#### [Data excerpts]
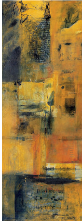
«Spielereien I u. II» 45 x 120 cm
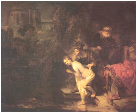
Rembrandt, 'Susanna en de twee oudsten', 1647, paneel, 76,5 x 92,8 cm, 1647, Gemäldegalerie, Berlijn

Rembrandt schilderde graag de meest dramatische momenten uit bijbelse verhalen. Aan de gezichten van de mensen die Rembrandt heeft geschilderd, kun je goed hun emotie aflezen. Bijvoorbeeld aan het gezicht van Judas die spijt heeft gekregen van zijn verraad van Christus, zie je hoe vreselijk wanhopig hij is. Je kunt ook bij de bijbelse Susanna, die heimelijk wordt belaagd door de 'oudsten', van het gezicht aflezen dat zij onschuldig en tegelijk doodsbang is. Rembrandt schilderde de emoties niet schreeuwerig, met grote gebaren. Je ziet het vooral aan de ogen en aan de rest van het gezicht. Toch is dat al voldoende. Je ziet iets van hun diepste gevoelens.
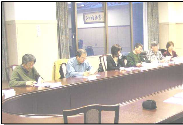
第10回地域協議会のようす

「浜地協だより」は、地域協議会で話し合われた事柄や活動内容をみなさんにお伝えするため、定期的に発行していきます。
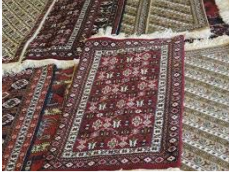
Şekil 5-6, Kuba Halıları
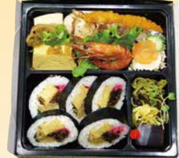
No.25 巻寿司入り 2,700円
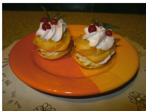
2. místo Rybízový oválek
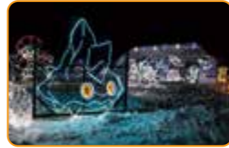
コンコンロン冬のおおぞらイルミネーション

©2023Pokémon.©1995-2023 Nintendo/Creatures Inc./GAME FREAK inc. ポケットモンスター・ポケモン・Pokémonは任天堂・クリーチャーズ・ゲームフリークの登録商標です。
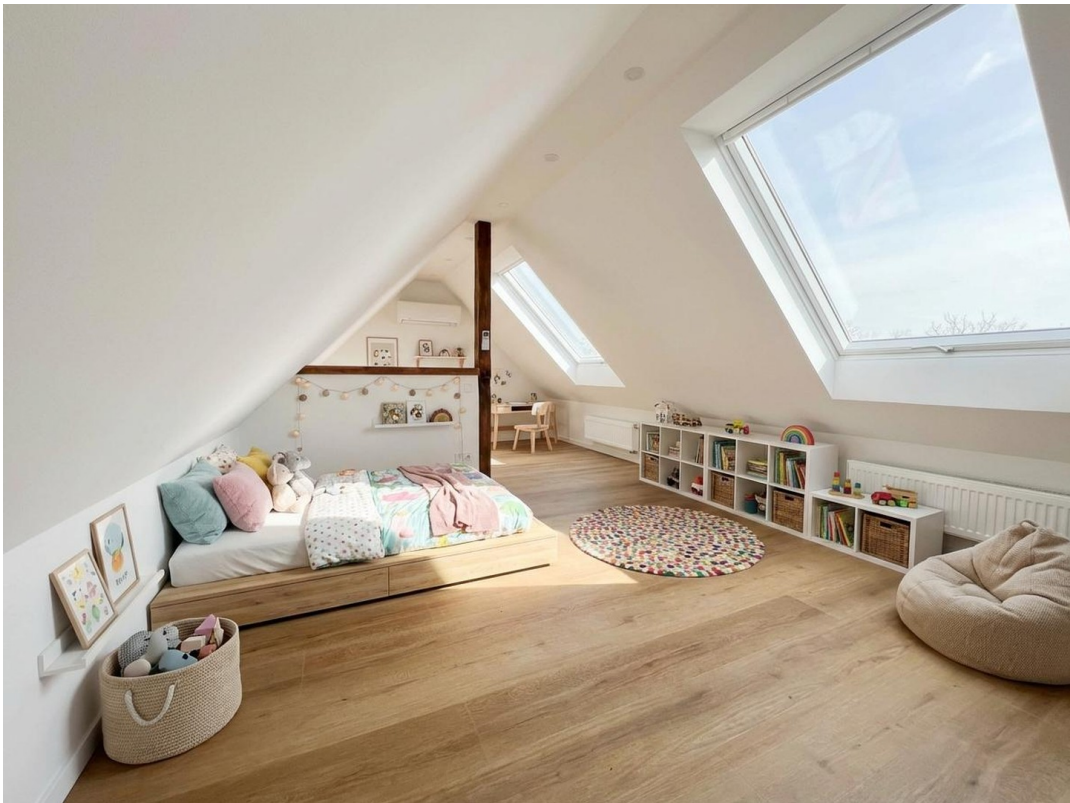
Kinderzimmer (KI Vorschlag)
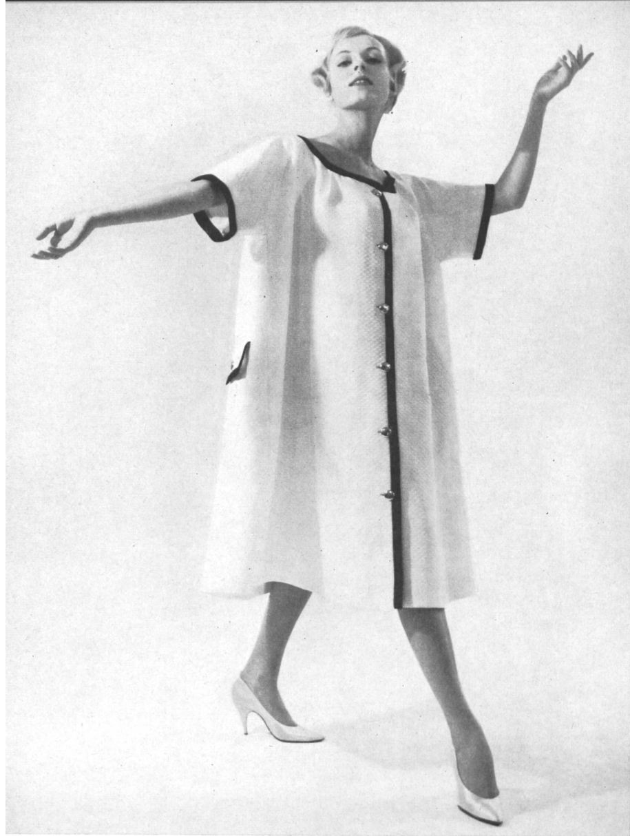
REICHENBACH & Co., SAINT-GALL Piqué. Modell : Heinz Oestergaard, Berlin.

==

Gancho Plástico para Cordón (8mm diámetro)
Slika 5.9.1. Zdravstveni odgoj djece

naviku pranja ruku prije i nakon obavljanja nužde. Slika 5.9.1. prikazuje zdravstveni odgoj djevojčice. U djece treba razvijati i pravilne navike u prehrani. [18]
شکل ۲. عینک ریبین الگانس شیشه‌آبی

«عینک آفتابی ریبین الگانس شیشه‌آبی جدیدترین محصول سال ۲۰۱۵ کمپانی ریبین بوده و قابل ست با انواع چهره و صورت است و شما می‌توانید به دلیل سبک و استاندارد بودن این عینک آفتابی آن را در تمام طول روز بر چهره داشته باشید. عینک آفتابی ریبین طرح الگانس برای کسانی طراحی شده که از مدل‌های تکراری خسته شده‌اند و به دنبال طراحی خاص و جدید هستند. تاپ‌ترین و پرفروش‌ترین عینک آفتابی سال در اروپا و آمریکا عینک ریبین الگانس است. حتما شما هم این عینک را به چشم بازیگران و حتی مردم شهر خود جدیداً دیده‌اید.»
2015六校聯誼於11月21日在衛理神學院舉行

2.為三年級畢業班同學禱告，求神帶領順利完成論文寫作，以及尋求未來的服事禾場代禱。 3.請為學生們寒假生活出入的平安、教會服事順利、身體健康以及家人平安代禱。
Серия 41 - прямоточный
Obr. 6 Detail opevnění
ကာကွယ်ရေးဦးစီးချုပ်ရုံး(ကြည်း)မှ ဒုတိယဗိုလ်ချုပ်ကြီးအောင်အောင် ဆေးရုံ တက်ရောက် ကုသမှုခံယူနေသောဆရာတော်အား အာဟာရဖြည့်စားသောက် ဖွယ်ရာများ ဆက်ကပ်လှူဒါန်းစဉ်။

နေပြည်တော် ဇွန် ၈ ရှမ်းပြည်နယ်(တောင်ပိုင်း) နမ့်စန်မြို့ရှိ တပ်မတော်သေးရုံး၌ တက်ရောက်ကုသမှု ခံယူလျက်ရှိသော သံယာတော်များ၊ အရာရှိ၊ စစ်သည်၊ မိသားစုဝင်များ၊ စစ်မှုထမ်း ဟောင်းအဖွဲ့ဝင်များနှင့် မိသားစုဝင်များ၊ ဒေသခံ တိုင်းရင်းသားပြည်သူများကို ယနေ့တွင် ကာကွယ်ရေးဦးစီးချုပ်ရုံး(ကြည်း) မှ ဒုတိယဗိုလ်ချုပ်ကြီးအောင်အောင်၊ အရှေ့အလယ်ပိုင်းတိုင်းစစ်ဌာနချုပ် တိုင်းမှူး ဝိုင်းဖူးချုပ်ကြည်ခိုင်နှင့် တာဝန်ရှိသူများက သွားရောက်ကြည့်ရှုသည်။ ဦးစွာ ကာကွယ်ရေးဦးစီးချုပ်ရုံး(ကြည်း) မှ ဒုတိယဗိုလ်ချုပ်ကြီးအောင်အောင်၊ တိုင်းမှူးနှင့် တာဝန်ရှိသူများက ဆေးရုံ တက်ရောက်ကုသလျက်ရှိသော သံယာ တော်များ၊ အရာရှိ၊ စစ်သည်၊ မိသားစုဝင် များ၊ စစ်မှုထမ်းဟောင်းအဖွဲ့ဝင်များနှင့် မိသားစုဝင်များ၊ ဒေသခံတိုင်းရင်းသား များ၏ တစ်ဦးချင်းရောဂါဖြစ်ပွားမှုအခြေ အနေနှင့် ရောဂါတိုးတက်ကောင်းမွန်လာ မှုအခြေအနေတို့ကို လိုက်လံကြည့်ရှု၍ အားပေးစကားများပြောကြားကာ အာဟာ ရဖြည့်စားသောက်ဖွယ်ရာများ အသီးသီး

#### [ACTIVITY]
For this exercise, repeat exactly the lines of the data above from the one with "2.為三年級畢業班同學禱告，" down to the one with "နေပြည်တော် ဇွန် ၈", both end lines included.

#### [EXPECTED ANSWER]
2.為三年級畢業班同學禱告，求神帶領順利完成論文寫作，以及尋求未來的服事禾場代禱。 3.請為學生們寒假生活出入的平安、教會服事順利、身體健康以及家人平安代禱。
Серия 41 - прямоточный
Obr. 6 Detail opevnění
ကာကွယ်ရေးဦးစီးချုပ်ရုံး(ကြည်း)မှ ဒုတိယဗိုလ်ချုပ်ကြီးအောင်အောင် ဆေးရုံ တက်ရောက် ကုသမှုခံယူနေသောဆရာတော်အား အာဟာရဖြည့်စားသောက် ဖွယ်ရာများ ဆက်ကပ်လှူဒါန်းစဉ်။

နေပြည်တော် ဇွန် ၈ ရှမ်းပြည်နယ်(တောင်ပိုင်း) နမ့်စန်မြို့ရှိ တပ်မတော်သေးရုံး၌ တက်ရောက်ကုသမှု ခံယူလျက်ရှိသော သံယာတော်များ၊ အရာရှိ၊ စစ်သည်၊ မိသားစုဝင်များ၊ စစ်မှုထမ်း ဟောင်းအဖွဲ့ဝင်များနှင့် မိသားစုဝင်များ၊ ဒေသခံ တိုင်းရင်းသားပြည်သူများကို ယနေ့တွင် ကာကွယ်ရေးဦးစီးချုပ်ရုံး(ကြည်း) မှ ဒုတိယဗိုလ်ချုပ်ကြီးအောင်အောင်၊ အရှေ့အလယ်ပိုင်းတိုင်းစစ်ဌာနချုပ် တိုင်းမှူး ဝိုင်းဖူးချုပ်ကြည်ခိုင်နှင့် တာဝန်ရှိသူများက သွားရောက်ကြည့်ရှုသည်။ ဦးစွာ ကာကွယ်ရေးဦးစီးချုပ်ရုံး(ကြည်း) မှ ဒုတိယဗိုလ်ချုပ်ကြီးအောင်အောင်၊ တိုင်းမှူးနှင့် တာဝန်ရှိသူများက ဆေးရုံ တက်ရောက်ကုသလျက်ရှိသော သံယာ တော်များ၊ အရာရှိ၊ စစ်သည်၊ မိသားစုဝင် များ၊ စစ်မှုထမ်းဟောင်းအဖွဲ့ဝင်များနှင့် မိသားစုဝင်များ၊ ဒေသခံတိုင်းရင်းသား များ၏ တစ်ဦးချင်းရောဂါဖြစ်ပွားမှုအခြေ အနေနှင့် ရောဂါတိုးတက်ကောင်းမွန်လာ မှုအခြေအနေတို့ကို လိုက်လံကြည့်ရှု၍ အားပေးစကားများပြောကြားကာ အာဟာ ရဖြည့်စားသောက်ဖွယ်ရာများ အသီးသီး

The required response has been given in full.